Safety Talk - Preventing Lyme Disease
Working outdoors in spring, summer and fall can expose you to Lyme disease. In most of Canada, Lyme disease is spread by blacklegged ticks (formerly called deer ticks). Lyme disease is a serious and potentially fatal disease if left untreated. Prompt removal of attached ticks (within 24 to 36 hours) can decrease the risk of infection.
Tick bites are usually painless and most people do not know they have been bitten. When a person is infected, symptoms usually develop within one to two weeks and include the following:
• fever;
• headache;
• muscle and joint pains;
• fatigue;
• swollen glands;
• a skin rash,especially one that looks like a red bull’s eye.

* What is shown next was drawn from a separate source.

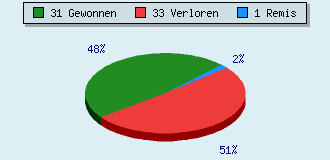 0 Partien am laufen 65 Partien beendet 31 Partien gewonnen: 18 durch Matt 12 durch Aufgabe 1 durch Zeitüberschreitung 33 Partien verloren: 17 durch Matt 16 durch Aufgabe 0 durch Zeitüberschreitung (= 0% ZÜ-Quote) 1 Partien remisiert

Control Measures/Safeguards
• Determine if your workers are at risk of exposure to ticks;
• Ensure workers are educated to understand:
- the risk of tick bites and Lyme disease,
- how to identify blacklegged ticks,
- how to prevent tick bites or minimize exposure,
- how to treat a tick bite.
What should workers do?
• If possible, avoid long grass and low bushes;
• Wear light-coloured clothing to help find ticks more easily;
• Wear closed-toed shoes, long sleeve shirts that fit tightly around the wrist, and long-legged pants tucked into your socks or boots;
• Use insect repellents containing DEET to repel ticks. Apply to both clothes and skin. Always read the label and follow instructions for use;
• Check for ticks on and under clothing and pay attention to the armits, in and around ears, behind knees, areas with body hair, and the navel and groin areas;
• Take a shower shortly after being outdoors;
• Wash clothes promptly and put them in the dryer with heat to help kill any ticks that may remain;
• Carefully remove ticks found attached to the skin. Gently use fine pointed tweezers to grasp head of the tick as close to the skin as possible. Pull slowly to remove the whole tick.
• If any of the symptoms of Lyme disease develop, contact your doctor immediately.